With the 4 new features to measure the success of a film, I had to decide how I would answer that question. Since I used binary for my "successes" and a float for my "budget_score", I thought that I would create a scoring equation that would measure the score, where the higher the score the more "successes" the film meets: with the highest score of "4" being that it met the qualifications for all 3 "successes" (1,1,1) and had a low budget (1); and the lowest score of "0.25" being that it did not meet any of the 3 "successes" (0,0,0) and had a high budget (0.25), with a mix of other scores in between. This "success_score" will be used to answer my 2nd analytical question. I also provided "weighted" values for the three "successes", because I wanted to make sure that "financial_success" was the highest considered "success", without it having a direct correlation between "financial_success" and "success_score".

After I created my "success" features and "success_score" I created a RF model to test if it could predict the "success_score", since the success score is just an statistical equation, I wanted to see if the RF model would be able to interpret the equation and show that it could implement it successfully. It did, as anticipated, score a perfect 100% accuracy -- as expected because this is a statistical analytical question. 

Now that I have created my "success_score" I can now answer my second analytical question (the end-goal) that requires ML intervention. To do this, I created another feature called "worth_funding" that divided up the "success_scores" (from high to low) into 3 sections: "fund" (2), "manual decision" (1), "do not fund"(0). With this new "worth_funding" I wanted to test to see if a movie is worth funding (successful) based off the text-based information (overview, tagline, keywords, genres). I had to address class imbalance, due to a very low number of films listed as "fund", so I used SMOTE. I also continually raised my parameters to allow for more computation, leading to longer processing times, and unfortunately, the model barely performed better than a guess, with a 56% accuracy, and did terrible at predicting "fund" (2), which is not acceptable, because, at a minimum, I would want the model to predict movies worth funding the best. I would not recommend this model. And, I am not sure what I could do to improve it - other than what I did to address sampling and parameter tuning. There is a possibility that I messed something up or that this kind of recommender system is better suited for a different model, like deep learning. 
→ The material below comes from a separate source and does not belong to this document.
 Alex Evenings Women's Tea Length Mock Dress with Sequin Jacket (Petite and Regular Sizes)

As a side note: I created a copy of this and notebook and decided to run the RF model, but this time with only 2 balanced "worth_funding" variables" "fund", "do not fund" and ran the model again, and while it did perform better than this model, it still only did 60% accuracy with f-scores of 0.64 and 0.55. So, the issue is not the likely class distribution, but rather something else either related to how I processed the data or this is not a preferred model for this analytical question.
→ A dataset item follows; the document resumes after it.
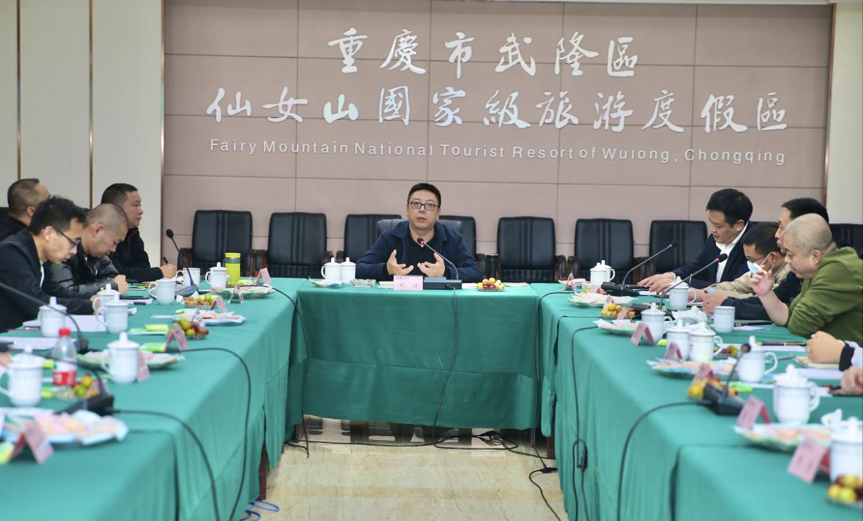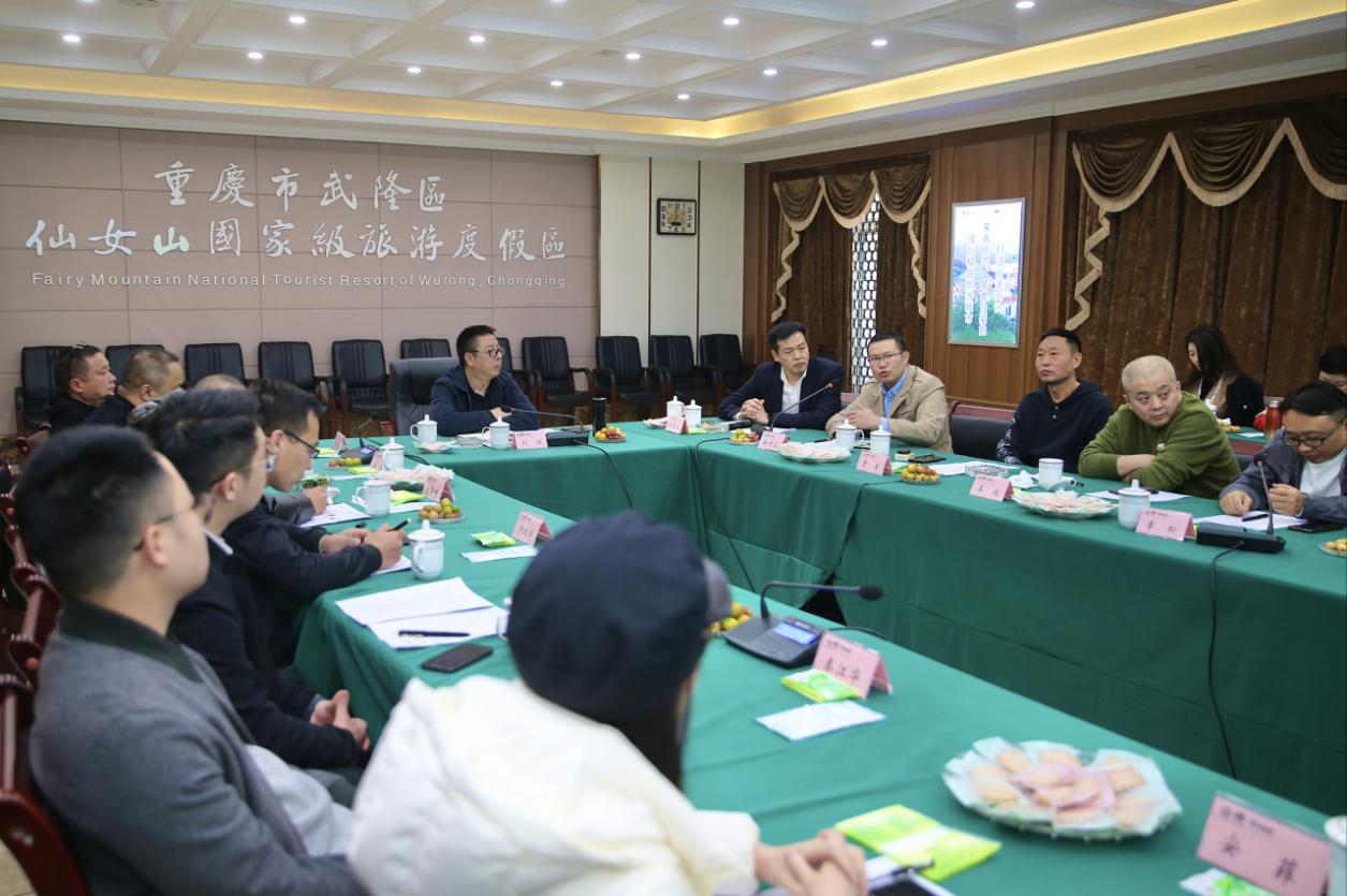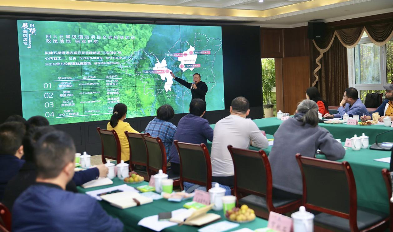 武隆区度假区管委会副主任李邦伦就武隆高端酒店、民宿及营地点位选址作讲解介绍。听完后,酒店、民宿及营地品牌商及意向投资人兴趣满满,纷纷就武隆高端酒店、民宿及营地产业发展意见及建议作交流发言,会议现场氛围融洽。

To evaluate the performance of my model I did run a Classification Report to look at the statistics (discussed above) and looked at Most Important Feature: Words and Most Important Feature: Features. Noting that my model barely did better than guessing, I still wanted to showcase my ability to look at these performance matrices. For the most important words I looked at the top 10 words that had the highest correlation to "worth_funding" decisions, and found that all the words had weak correlation, with the top word being "included" with a score of "0.014" (closer to 1 the more important it is). The most important words had very little impact on decisionmaking. After that I did the most important features, which had these scores:

- Genres: 0.031981
- Keywords: 0.294262
- Tagline: 0.088429
- Overview: 0.585329

This tells us that "Overview" (58.5%) was the highest predicator for prediction and "Keywords" was second with 29.4%. "Genre" (3.2%) and "Tagline" (8.8%) had very little effect on successful predictions.

**Verdict:** I would not recommend this system for practical use, while the statistics and feature engineering went well (and I actually enjoyed), the model performed poorly (barely above a guess) for actually determining if a film is worth funding based on text data. This might be better suited for a different type of model.